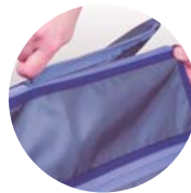
Extensor tallas XXL
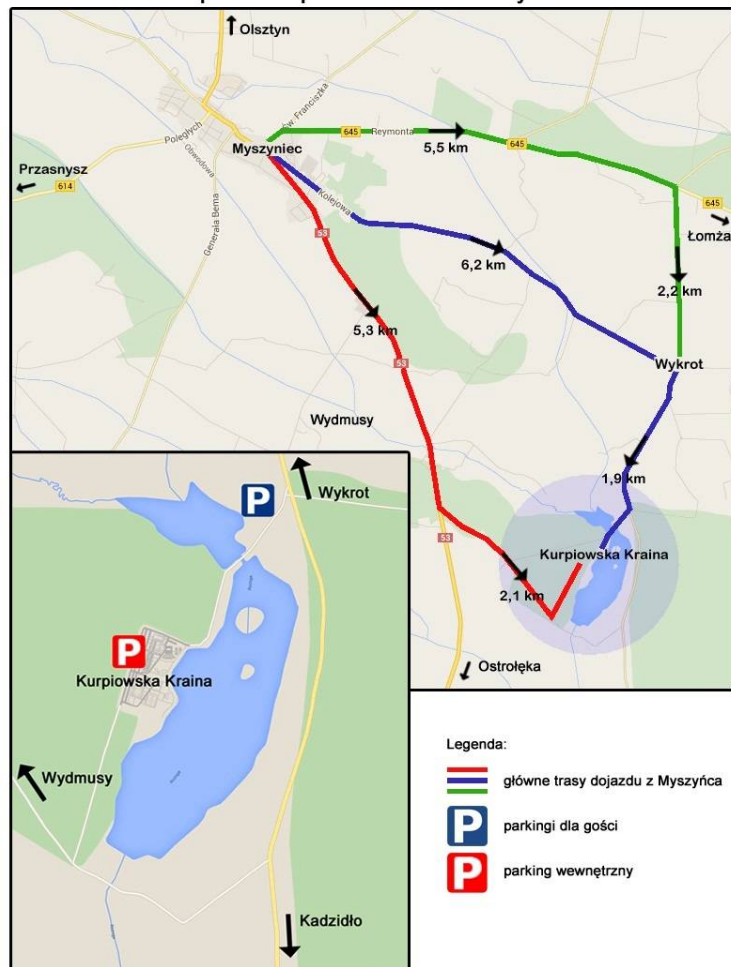
Mapa dojazdu XXXIX Miodobranie Kurpiowskie Kompleks Kurpiowska Kraina w Wykrocie

Dla niezmotywowanych gości zostanie zorganizowany odpłatny transport (4,50 zł) na trasie Myszyniec- Wykrot (kompleks) – Myszyniec. Autobusy będą kursować w niedzielę z dworca autobusowego, co 30 min. od godz. 10:30 do godz. 22:30 (powrót z Wykrotu od godz. 11.00 do 23.00)
________
» **WORK INSTRUCTIONS**:
The reply must consist of the complete listing, reproduced exactly, with no images.

» **ANSWER BOX**:
Extensor tallas XXL
Mapa dojazdu XXXIX Miodobranie Kurpiowskie Kompleks Kurpiowska Kraina w Wykrocie

Dla niezmotywowanych gości zostanie zorganizowany odpłatny transport (4,50 zł) na trasie Myszyniec- Wykrot (kompleks) – Myszyniec. Autobusy będą kursować w niedzielę z dworca autobusowego, co 30 min. od godz. 10:30 do godz. 22:30 (powrót z Wykrotu od godz. 11.00 do 23.00)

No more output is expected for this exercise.